Come gather 'round as Grandpa Lampen continues his story about wire and cable.

Where did the idea of wire sizes come from? Even ancient wire came in various sizes, and there are dozens of systems, many still in use. As late as the 1800s, there were no useful standards.

In 1856, clockmakers Joseph R. Brown and apprentice-turned-partner Lucian Sharpe had begun to manufacture precision measuring tools in Pawtucket, R.I. One that was sorely needed was an accurate measuring gage for wire. (Readers will note that I prefer the spelling gage, commonly accepted in reference to wire, and accepted as a variant for gauge by the American Heritage Dictionary.)

Sharpe suggested producing sizes of wire in a regular geometric progression. Until that time, wire-measuring tools were made by English manufacturers and were, to say the least, variable in quality and accuracy. Sharpe took 50 of his new low-cost gages to a meeting of brass manufacturers of Connecticut, centered in the Naugatuck Valley. A gage consisted of a flat circular piece of steel with precision-machined slots corresponding to the different sizes of wire.

It was a big hit. Brown & Sharpe wire gages became the standard well into the 20th century. Eventually, Sharpe's progressive system became adopted as the AWG, or American Wire Gage, which we use today.

One world, one gage

If you look at a wire gage table, as shown in Table 1, you can see the relationship.

For example, Sharpe defined 36 AWG as 5 mil, or 5/1000ths of an inch or 0.005 inches, in diameter, and 0000 AWG, called "4-aught," as 0.460 inches. These diameters are calculated values related to the area of the wire, more precisely called the "circular mil area" or CMA. The progression of gage sizes is a simple mathematic progression of the circular mil area, up or down.

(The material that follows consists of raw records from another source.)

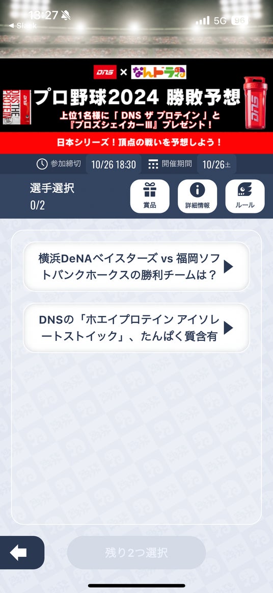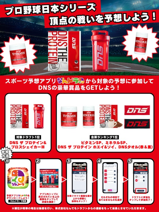 イノベーションの力で新たなスポーツ・エンターテインメントを創造し、まだ見ぬ感動と熱狂を提供するアプリ「なんドラ」を運営する株式会社なんでもドラフト(本社:東京都渋谷区、代表:森井啓允)は、スポーツニュートリションブランドDNS(ディーエヌエス)を展開する株式会社 DNS協賛のプロ野球 日本シリーズ勝敗予想を開催します。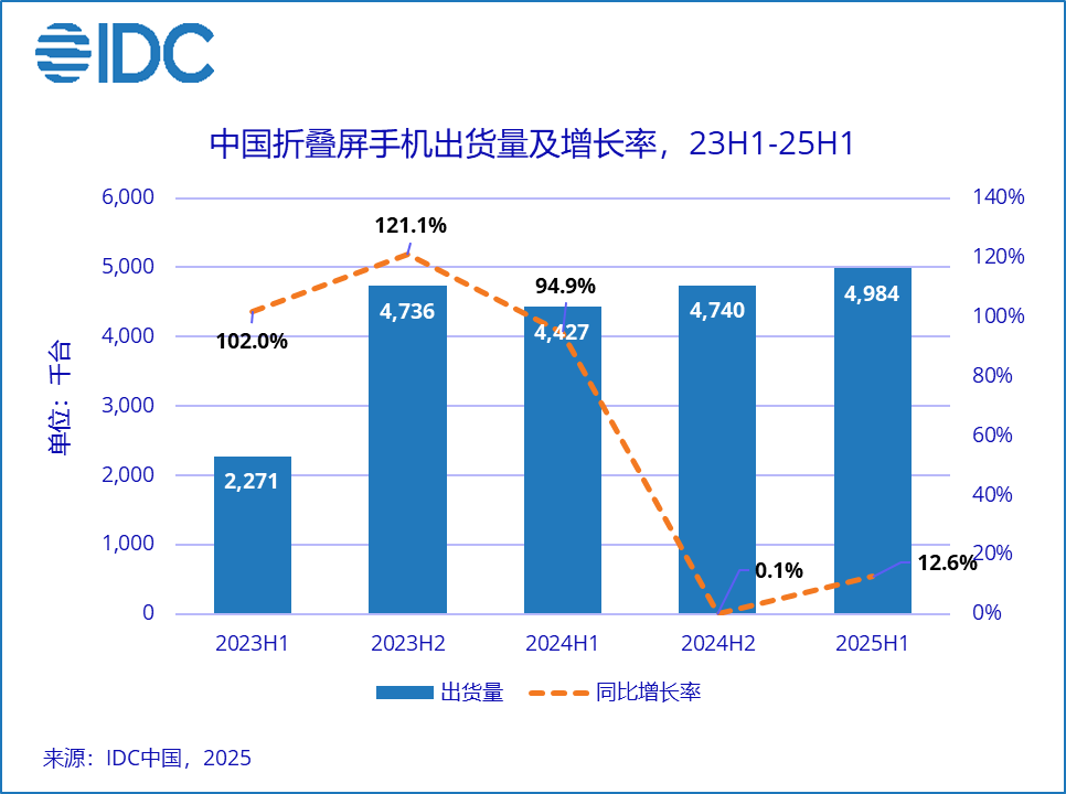 2025 上半年,中國折疊屏手機出貨量達到 498 萬臺,同比增長 12.6%。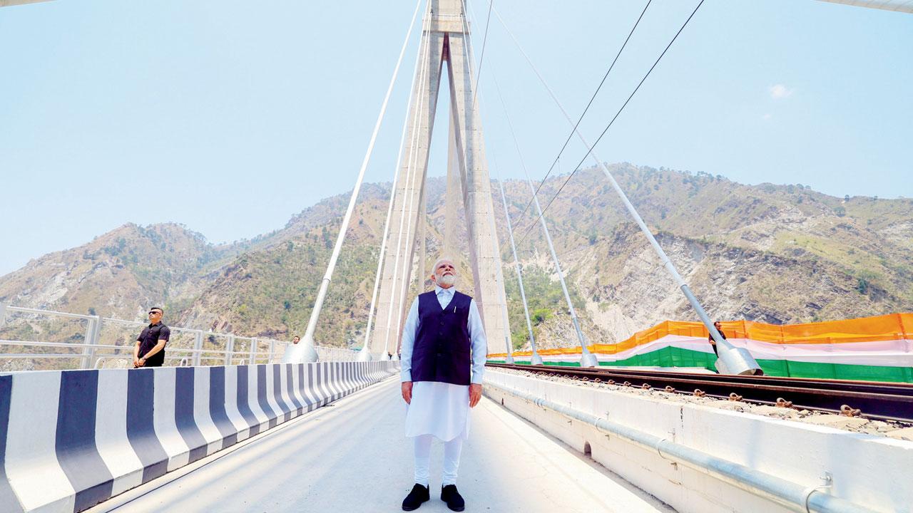 ગઈ કાલે અંજી બ્રિજ પર નરેન્દ્ર મોદી, જે દેશનો પહેલો કેબલ સ્ટે રેલવે બ્રિજ છે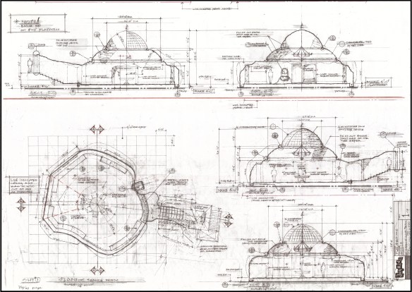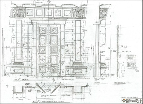 I mentally put together a list in my head of the equipment that we’d need to do an accurate survey of the building but that was immediately discarded when I was told about the limitations of the scale of the survey. It would have to be done at night, after the park was closed to the public. I would have a park employee to help who would also provide a ladder. One of the construction foremen on the film would meet me there to help with the measuring.

Gages for stranded wire are different than those for solid. Stranded wire, after all, has spaces between strands. The size of a stranded wire is larger for the same resistance as a solid wire. Otherwise, the same formulas of area and gage apply.

Why did Sharpe choose to have his gage numbers get smaller as the wire got bigger? He was trying to describe the performance - i.e., the resistance - of the wire, which goes down as the wire gets bigger. So 18 AWG is lower resistance than 19 AWG, as the numbers indicate.

Those using wire could now get the size and performance they were paying for, and the consistency and repeatability no matter who made the wire.

Picking up the phone

The longest wires made to that time were the transatlantic telegraph cables mentioned in an earlier article. But Lord Kelvin, who had been instrumental in the laying of the cable, later said the telephone, rather than the telegraph, was "the most wonderful thing I have seen in America."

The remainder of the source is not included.